In an election day that was calm, with occasional cases of suspected vote buying and irregularities concerning improper registration of voters exposed by the local media, Rosen Plevneliev, a businessman from the construction sector who served as successful regional development minister since 2009 when GERB ousted from power a tripartite Socialist-led coalition, won 40-41% of Sunday's vote, according to exit polls conducted by three polling agencies. To win outright, the frontrunner needed the support of more than half of the valid votes, provided that more than 50% of all registered voters cast ballots.
Ivailo Kalfin, who unlike Plevneliev has strong experience in Bulgarian politics as foreign minister in the former Socialist-led coalition, a MEP and former political advisor to outgoing President Georgi Parvanov, came second with 27-30% support.
Meglena Kuneva, who was the first Bulgarian member of the European Commission after the country joined the EU in 2007 and was running as an independent fielded by a nomination committee, was third with 14-15% and is leaving the race. So will Volen Siderov, leader of staunchly nationalist Ataka Party, who mustered around 4% support, while the candidate of right-wing Blue Coalition Rumen Hristov won around 3%. The rest of the 18 candidates in the race for president scored even lower.
The vote for president, a largely ceremonial post in Bulgaria, was held simultaneously with elections for mayors and local governments and is seen as a popularity test for GERB and its leader Prime Minister Boiko Borisov halfway through the party's first term in office marked by economic downturn, sluggish recovery and spending cuts.
Polsters say Prime Minister Borisov continues to enjoy one of the highest approval ratings among Bulgarian politicians despite dwindling household incomes and rising unemployment, because of his policies capitalising on improving absorption of EU funds, the stepping up of major infrastructure projects and the maintaining of political and financial stability in one of EU's poorest countries amidst the Eurozone debt crisis.
A victory for Plevneliev will mean GERB will conquer yet another position at the top of the state administration in which the party already controls the posts of parliament speaker and prime minister. "These elections were important to see the vote of the people - whether what we are doing should go on in the same direction. As of today, GERB's responsibility has doubled," Borisov told reporters after polls closed. "This vote is a vote of confidence in this government."

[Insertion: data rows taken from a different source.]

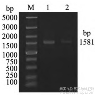 在提取苎麻叶片的RNA后,反转录获得cDNA。基于BnGCL1基因序列设计BnGCL1基因的特异性扩增引物(表1)。利用引物进行PCR扩增试验,并通过琼脂糖凝胶电泳技术对扩增产物进行检测。结果显示,成功扩增出条带大小为1581bp的目标片段(图1),标志着BnGCL1基因片段的成功获取。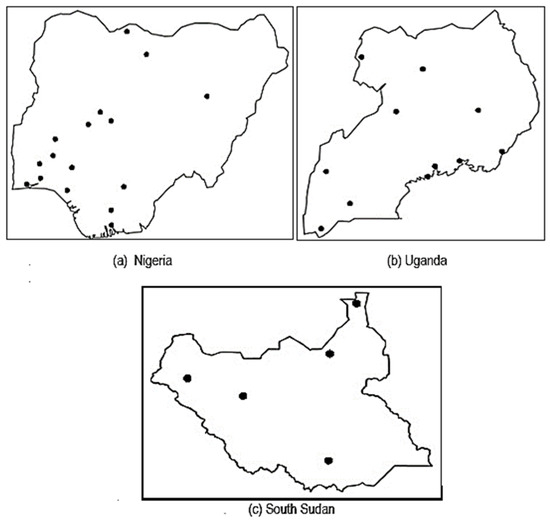 The location of synoptic stations in the three countries (i.e., Nigeria, Uganda and South Sudan). The “dots” represent the geographical location for each synoptic station.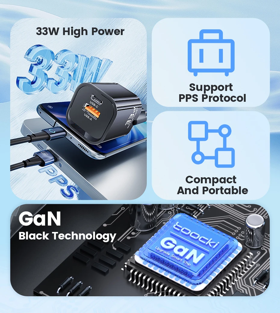 Toocki GaN USB Type C Charger Portable High Speed Charger for iPhone Xiaomi 13 Oneplus Realme PD3.0 QC3.0 PPS Cell Mobile Phone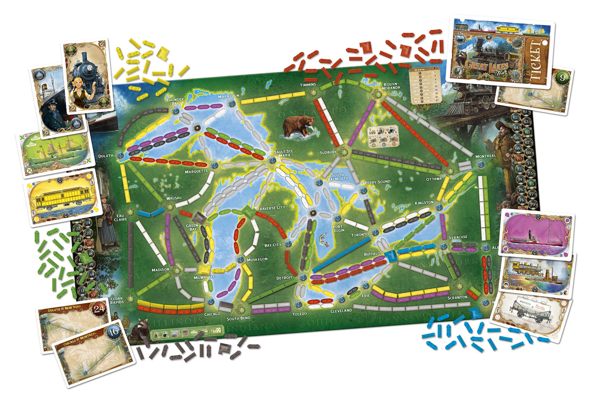 Pour les connaisseurs, pas de surprise, on retrouve quasiment le même thermoformage que sur les boites précédentes, les wagons de couleur, et la nouveauté de cette nouvelle boite, les bateaux, et le paquet de carte qui correspond. Il y a également le très grand plateau de jeu avec d’un coté la carte du monde, et de l’autre la région des grands lacs. Donc du bon matériel comme d’habitude chez Days of Wonder. Les illustrations sont toujours très chouettes, colorées avec un petit coté « old school », et sont signées Julien Delval.

On the dark side, however, were the findings of the election observer mission of the Organization for Security and Cooperation in Europe released prior to the vote. The OSCE said it had concerns about potential vote buying, possible manipulation during vote counts and a perception that election commissions were dominated by GERB.

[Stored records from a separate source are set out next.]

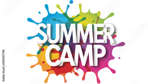 Summer Camp Text Design – Bold White Font with Colorful Paint Splashes for Youth Activities and Seasonal Promotions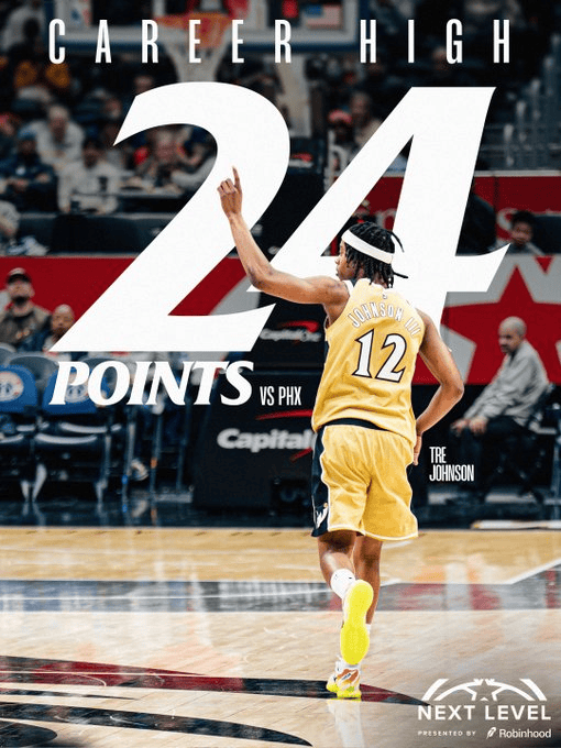 本场比赛,奇才球员6号秀特雷-约翰逊出战25分钟,12投9中,其中三分球5投5中,罚球1投1中,得到24分1篮板2助攻1抢断。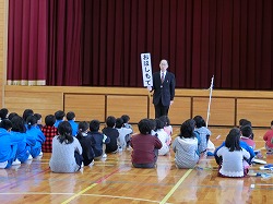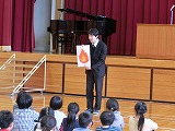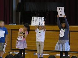 本年度最初の「ふれあい集会」を行いました。2・3年生の学習発表では、2年生が鍵盤ハーモニカでの「かえるの合唱」の演奏と「たんぽぽのちえ」クイズを行いました。3年生は「きつつきの商売」の音読と「きびに関する○×クイズ」を行いました。明るくハキハキした声、工夫を凝らした発表はステキでした。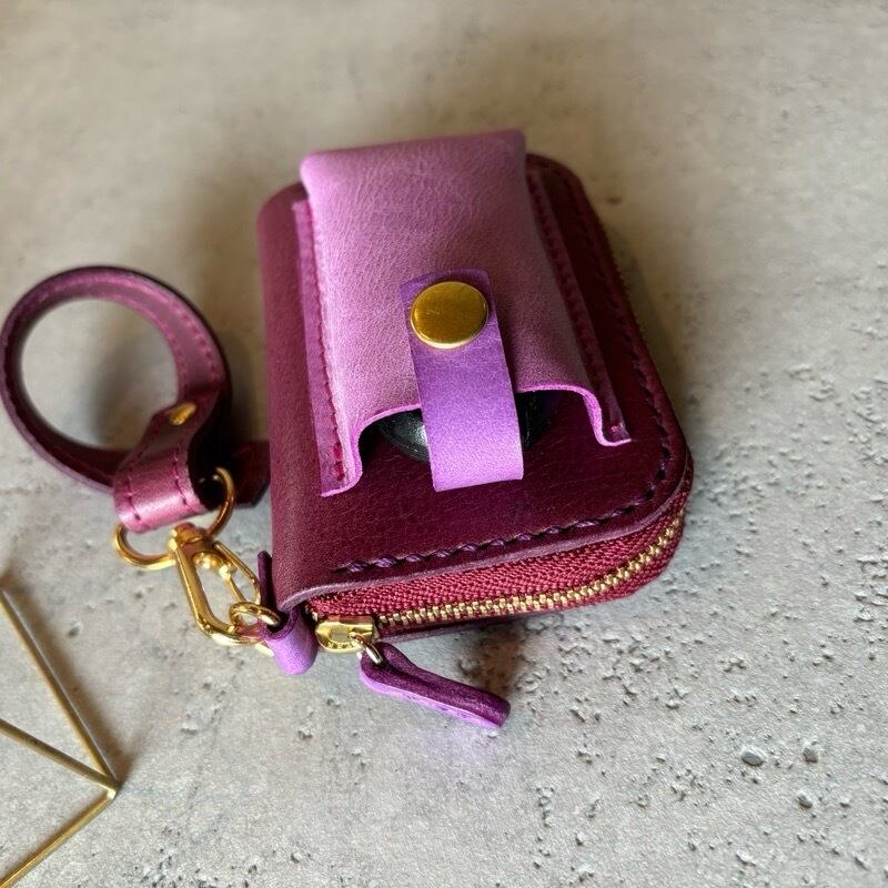 高品質なイタリアのレザーを使用し、さまざまなパープル色で可愛く機能的なラウンドファスナーのキーケースを作りました。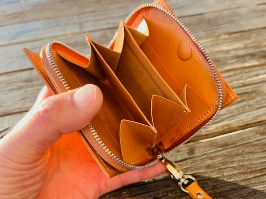 <一見シンプルな財布ですが・・。和モダンな「魅せる財布」の秘密は記事の最終章で!!>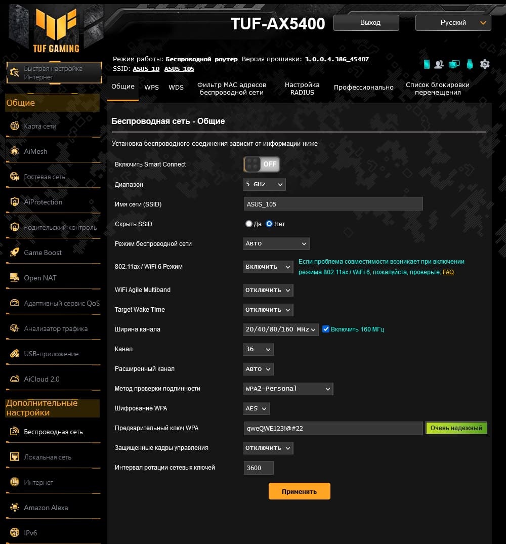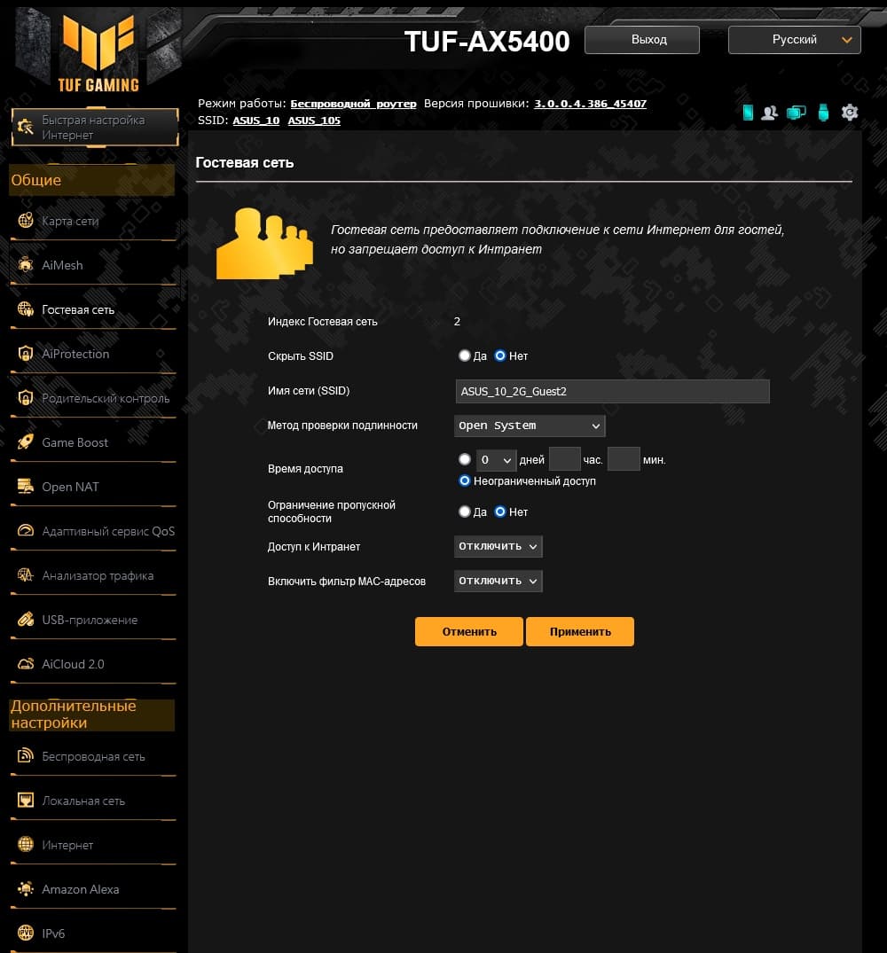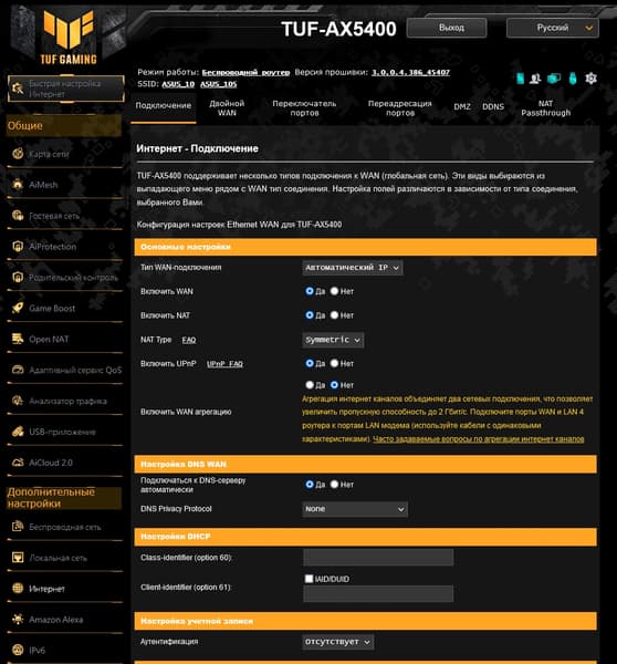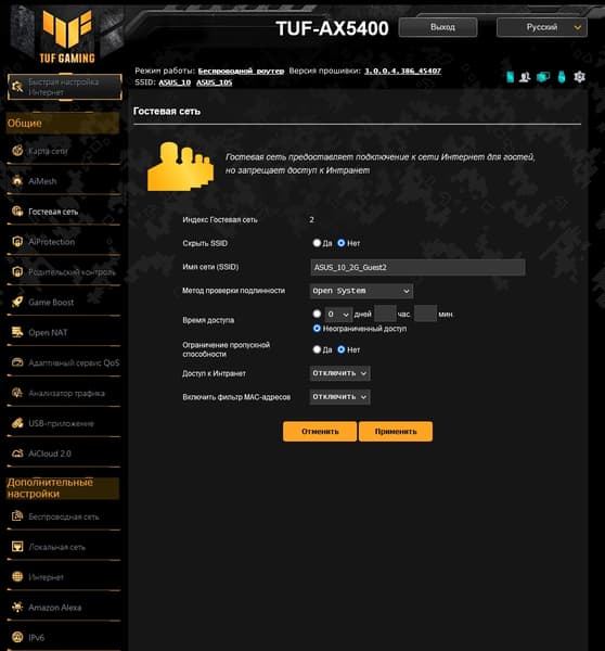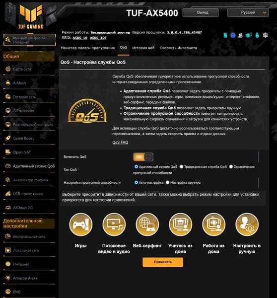 Как и у большинства производителей, возможности прошивки роутеров Asus верхнего сегмента мало отличаются друг от друга, как и дизайн веб-интерфейса. В любом случае, если вы уже работали ранее с таким оборудованием — обновиться будет несложно. У рассматриваемой модели обращает на себя внимание желто-черная гамма и логотип TUF GAMING в левом верхнем углу. Интерфейс имеет переводы на несколько языков, включая русский. Предусмотрен мастер быстрой настройки, в котором можно указать основные параметры работы устройства.

While admitting that Bulgaria's new election code adopted earlier this year "provides a sound legal basis for the conduct of democratic elections," the OSCE noted that "there is room for improvement regarding the use of mother tongue by minorities during campaigning, the possibility for vote recount and the rules for campaigning in media." According to some of OSCE's local contacts, the accuracy of voter lists also raised concerns, as 6.97m people were registered to vote for president out of Bulgaria's population of 7.36m measured in the latest census held in February 2011.

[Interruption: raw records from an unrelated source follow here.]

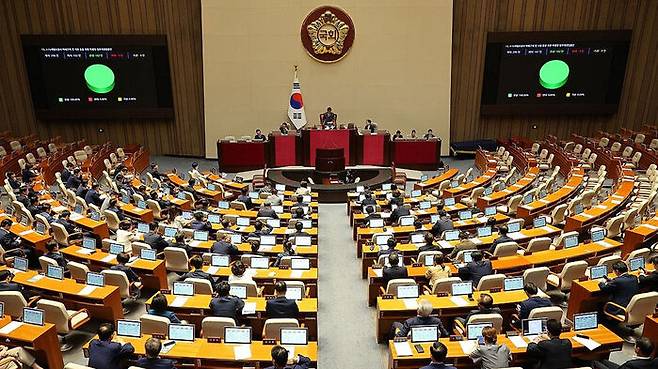 ▲ 28일 오후 국회 본회의에서 4·16세월호참사피해구제 및 지원 등을 위한 특별법 일부개정법률안이 통과되고 있다.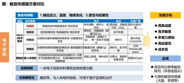 人形機(jī)器人觸覺傳感器包括兩種類型,技術(shù)路線眾多,一是基于Mems技術(shù)集成的觸覺傳感器,包括壓阻式、電容式、光電式、電磁式,二是視觸覺傳感器。MEMS壓阻式觸覺傳感器技術(shù)成熟,目前應(yīng)用較廣,曾朵紅等人預(yù)計(jì)短期是機(jī)器人觸覺傳感器先放量技術(shù)。其采用MEMS技術(shù)排列密集,集成度高,體積小,技術(shù)成熟,成本低。制造精度不同,價(jià)格從幾十至上千不等,進(jìn)口產(chǎn)品單點(diǎn)售價(jià)近千元。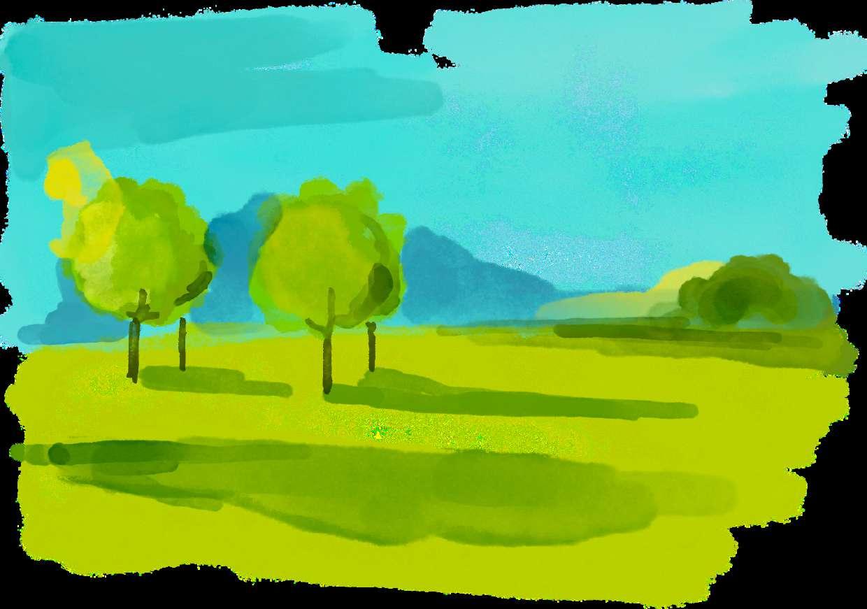 Cheia de sol e flores de todas as cores, vermelhas, azuis, amarelas. Árvores altas e verdes cobertas de folhas, onde reluzem as cores do arco íris.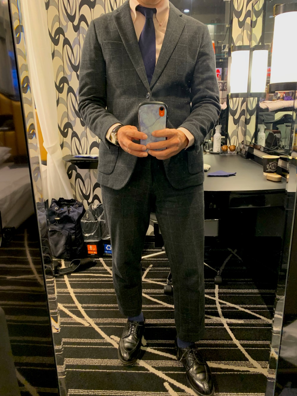 ストレッチコンフォートのセットアップ。今日は気の知れた方ばかりの来客なのでこのような感じですが、TPOでしっかりしたスーツも着るべきだと思います。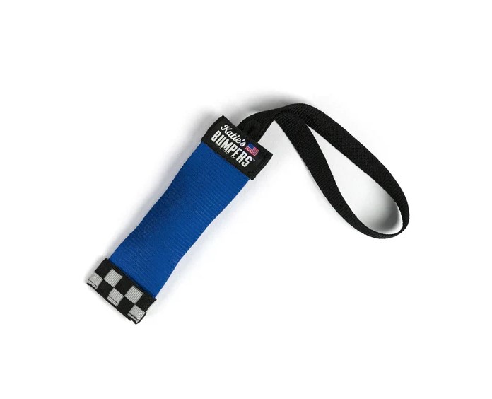 The MINI SQWUGGIE is simply the smaller version of the classic Sqwuggie and was made for smaller dogs to be able to bite down and hold onto a bumper that fits their mouth. Its design was first developed by Katie’s Bumpers and has been around for many years. It is now a classic and a favorite among dog lovers! It includes squeakers for added enrichment. It features a sewn-in loop on top that make it great for tossing during fetching and holding during tugging for greater interaction and fun with your pup. This long-lasting toy is great for play time and training on land, water, or snow.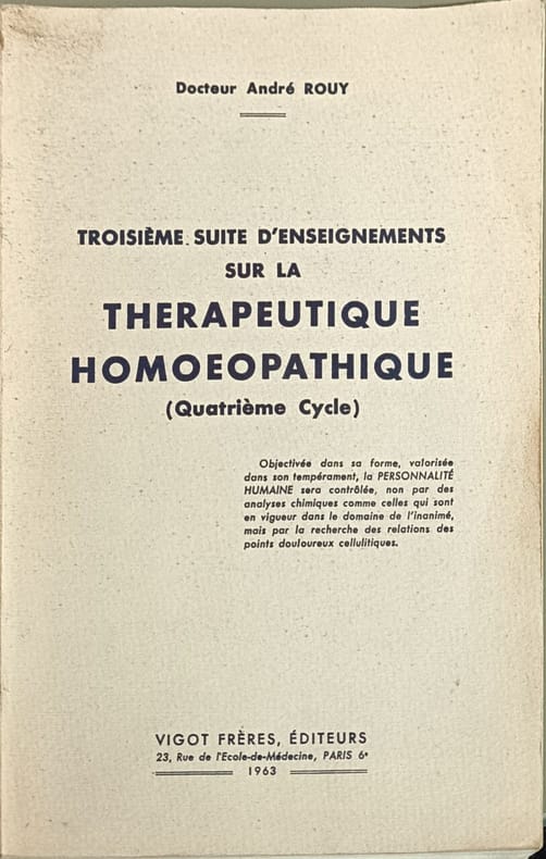 Vigot Frères Editeurs 1963 175 pages in8. 1963. broché. 175 pages. Ce livre constitue le troisième cycle d'une série d'enseignements sur la thérapeutique homéopathique rédigée par le Docteur André Rouy directeur de la Revue française d'homéopathie. Il synthétise ses conceptions thérapeutiques basées sur une longue pratique clinique faisant suite à ses premiers ouvrages publiés chez le même éditeur Vigot dans les années 1950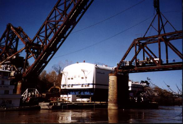 It wasn't long before the 1450 reached its first obstacle on the trip. This rail bridge had to be raised and some signal lines held up, while the dragline passed. Notice the crewmen on top of the 1450, as well as the rail crew on the bridge. holding the signal wires up. |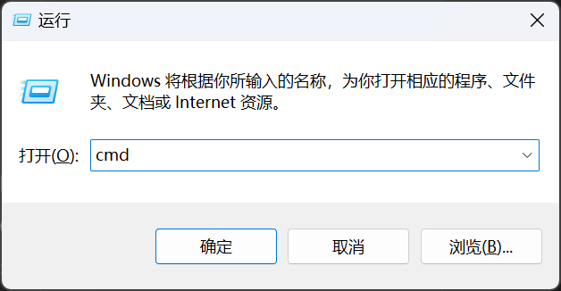 对于 Win 电脑,则应按下 Win+R,打开 “运行”,输入 “cmd”,按下 Enter 启动命令提示符

The OSCE's finding that "the issue of vote buying appears to be of great concern for all segments of society" was confirmed by a survey commissioned by Transparency without Borders, an NGO. The survey conducted in mid-October among 1,000 respondents showed that nearly one in every five Bulgarians was ready or inclined to trade in their vote - simply to make some more money for everyday living, or out of fear of losing their jobs, especially in smaller towns and villages. The results of the survey unveiled by the NGO at a news conference the previous week showed that the number of those ready to sell their votes has doubled to 12% in the current campaign, compared with the 2009 parliamentary elections, while a further 7% were ready to cast ballots for whoever paid a bigger price. "Despite recent amendments to the Criminal Code and the Elections Code and the public awareness campaign held by the authorities against vote buying the prosecutor general has expressed concerns about not having sufficient legal tools to investigate and prosecute vote buying," OSCE said.
According to a survey conducted by Bulgaria's National Centre for the Study of Public Opinion in mid-October, Plevneliev would win 45% of the vote in the second round, with possible help from supporters of the Blue Coalition and Ataka, while Kalfin would get 29%, drawing additional support from mainly ethnic Turk party DPS, a junior partner of the Socialists in the previous coalition government, while Kuneva's supporters did not say whether they would back any of the two contenders in the runoff.
In the previous presidential elections held in 2006, Parvanov was re-elected for a second and final five-year term of office with 75.9% of the vote in a runoff against Siderov who got 24.1%.
For comparison, in the 2009 parliamentary election GERB won 39.7% of the vote, followed by the Socialists with 17.7% and DPS with 14.5%.